§ Action item
These records contain pictures, which must be left out; copy exactly the lines from the one with "- Top item was" up to and including the one with "it goes live.".

§ Extracted records
◆ ◆ ◆ ◆

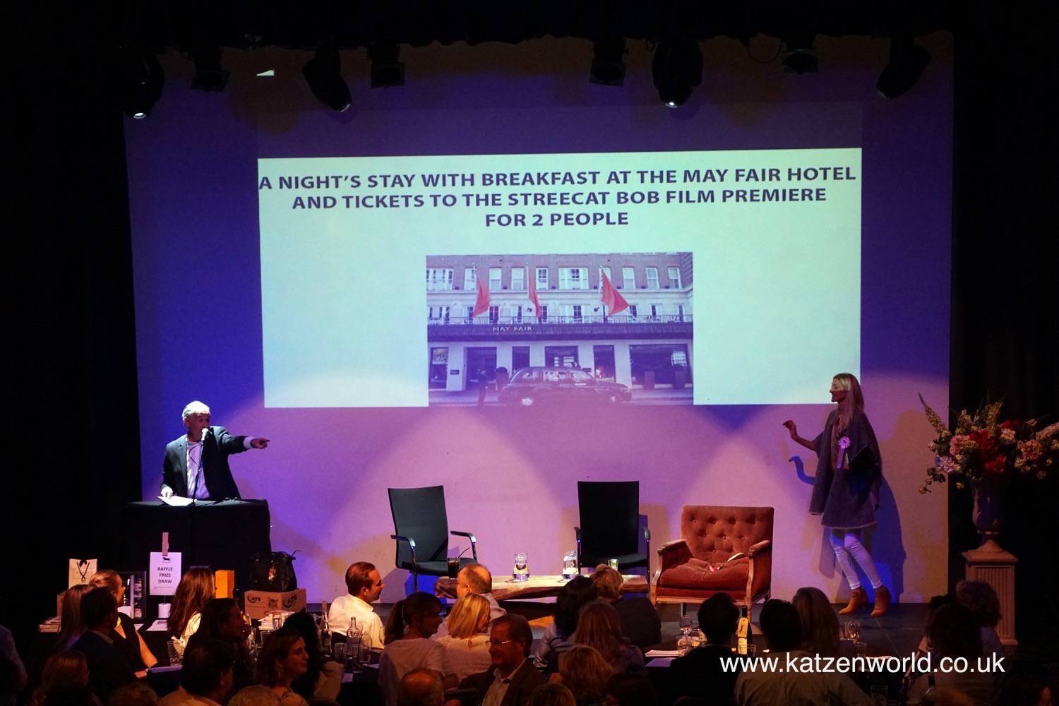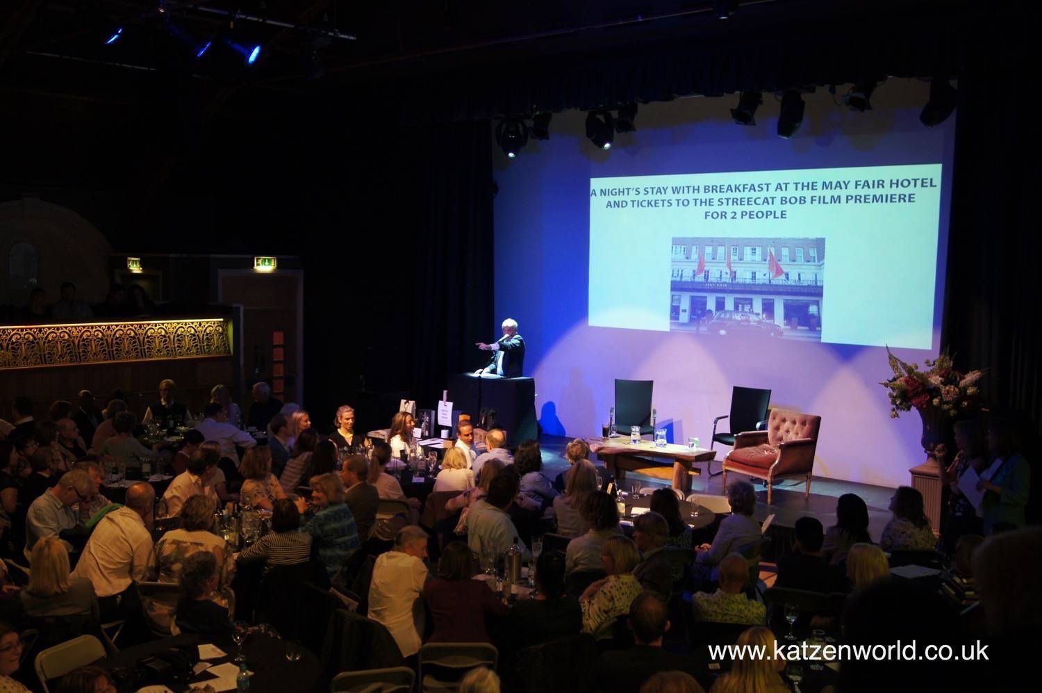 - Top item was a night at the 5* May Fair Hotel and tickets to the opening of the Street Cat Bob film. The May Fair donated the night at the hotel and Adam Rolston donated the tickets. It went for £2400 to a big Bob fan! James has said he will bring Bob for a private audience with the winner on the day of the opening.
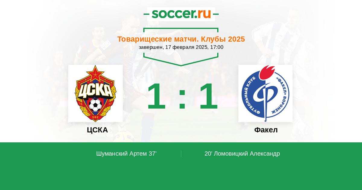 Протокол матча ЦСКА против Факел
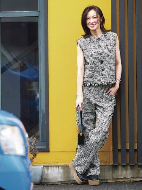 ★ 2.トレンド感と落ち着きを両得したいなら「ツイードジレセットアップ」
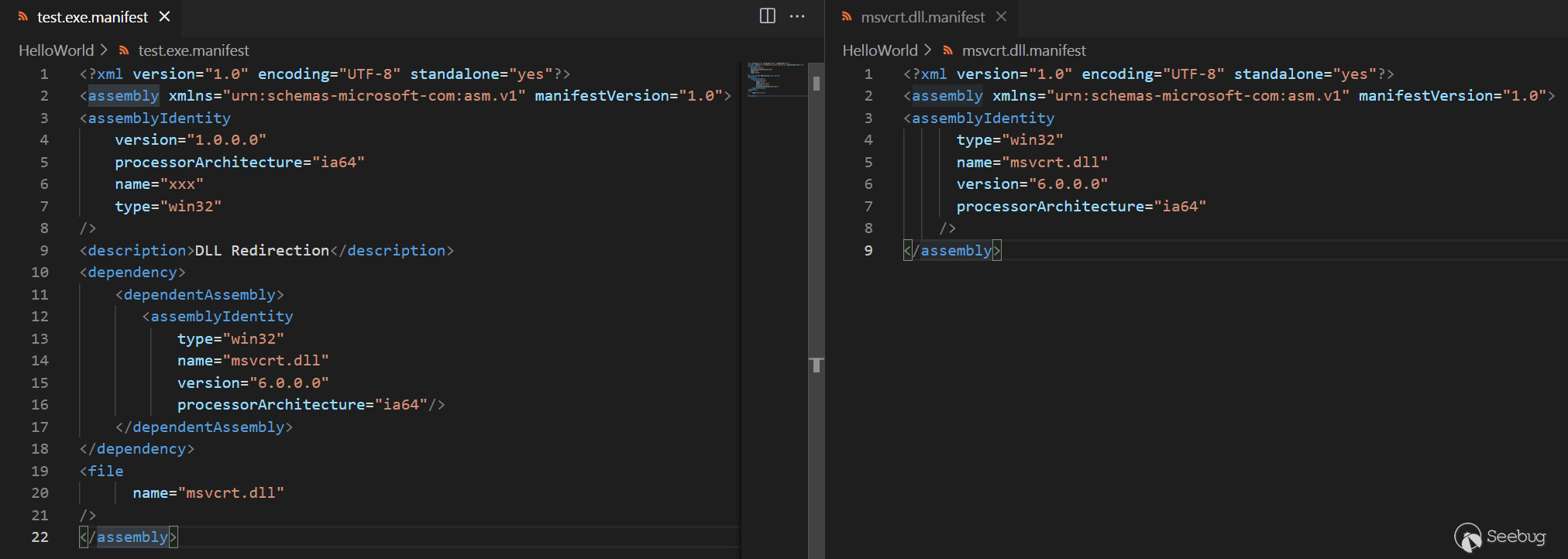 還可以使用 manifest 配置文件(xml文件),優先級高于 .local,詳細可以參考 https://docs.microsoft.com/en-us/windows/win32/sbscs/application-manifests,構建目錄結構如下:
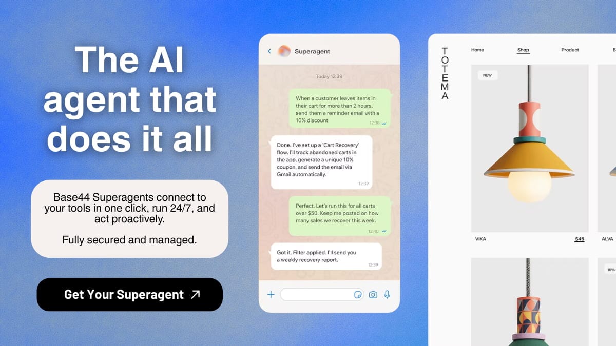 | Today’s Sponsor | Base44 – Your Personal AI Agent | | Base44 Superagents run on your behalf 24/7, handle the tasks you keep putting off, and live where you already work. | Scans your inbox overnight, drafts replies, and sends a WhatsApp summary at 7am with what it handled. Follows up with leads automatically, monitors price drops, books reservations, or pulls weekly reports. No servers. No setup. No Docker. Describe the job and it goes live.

◆ ◆ ◆ ◆

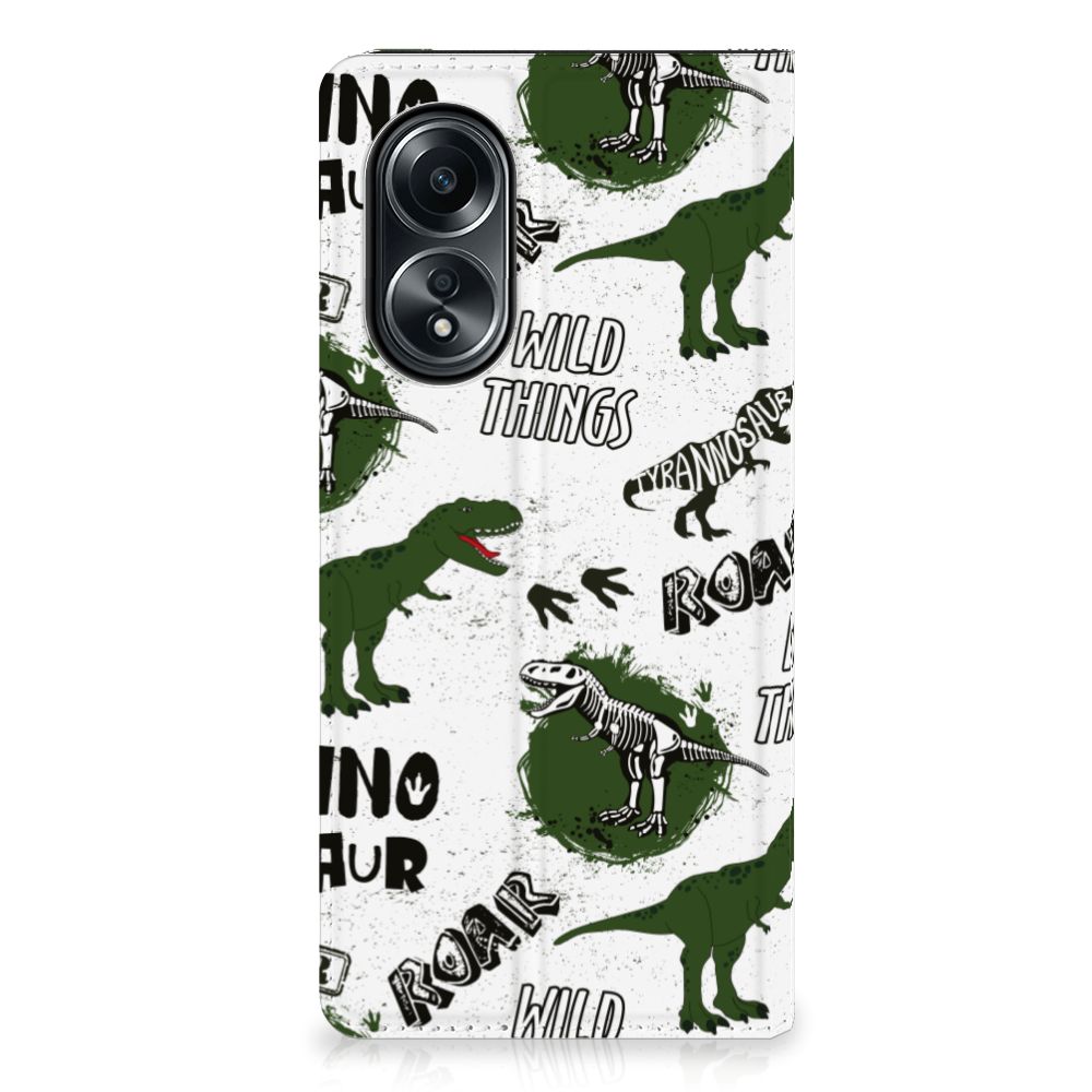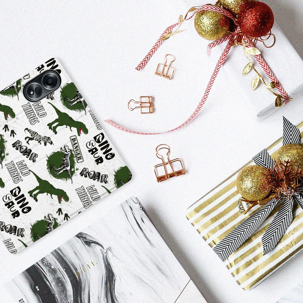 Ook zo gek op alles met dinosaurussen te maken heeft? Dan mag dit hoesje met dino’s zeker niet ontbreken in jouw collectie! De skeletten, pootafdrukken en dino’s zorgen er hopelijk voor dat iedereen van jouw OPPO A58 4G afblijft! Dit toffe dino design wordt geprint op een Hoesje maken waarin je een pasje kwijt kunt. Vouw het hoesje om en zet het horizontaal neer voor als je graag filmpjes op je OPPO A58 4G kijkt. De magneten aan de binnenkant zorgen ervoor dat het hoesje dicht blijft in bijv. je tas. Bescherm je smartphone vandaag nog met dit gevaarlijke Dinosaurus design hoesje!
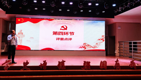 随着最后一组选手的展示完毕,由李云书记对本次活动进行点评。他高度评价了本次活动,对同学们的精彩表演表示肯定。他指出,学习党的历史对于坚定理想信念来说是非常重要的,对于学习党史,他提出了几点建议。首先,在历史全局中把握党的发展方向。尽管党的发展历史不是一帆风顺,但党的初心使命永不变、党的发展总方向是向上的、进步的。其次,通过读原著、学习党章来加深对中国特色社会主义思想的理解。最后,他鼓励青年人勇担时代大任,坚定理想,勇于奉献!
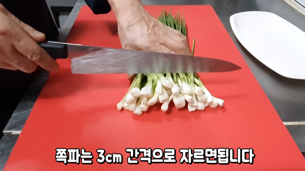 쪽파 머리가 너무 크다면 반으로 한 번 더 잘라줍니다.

◆ ◆ ◆ ◆

§ Task solution
 - Top item was a night at the 5* May Fair Hotel and tickets to the opening of the Street Cat Bob film. The May Fair donated the night at the hotel and Adam Rolston donated the tickets. It went for £2400 to a big Bob fan! James has said he will bring Bob for a private audience with the winner on the day of the opening.
 Протокол матча ЦСКА против Факел
 ★ 2.トレンド感と落ち着きを両得したいなら「ツイードジレセットアップ」
 還可以使用 manifest 配置文件(xml文件),優先級高于 .local,詳細可以參考 https://docs.microsoft.com/en-us/windows/win32/sbscs/application-manifests,構建目錄結構如下:
 | Today’s Sponsor | Base44 – Your Personal AI Agent | | Base44 Superagents run on your behalf 24/7, handle the tasks you keep putting off, and live where you already work. | Scans your inbox overnight, drafts replies, and sends a WhatsApp summary at 7am with what it handled. Follows up with leads automatically, monitors price drops, books reservations, or pulls weekly reports. No servers. No setup. No Docker. Describe the job and it goes live.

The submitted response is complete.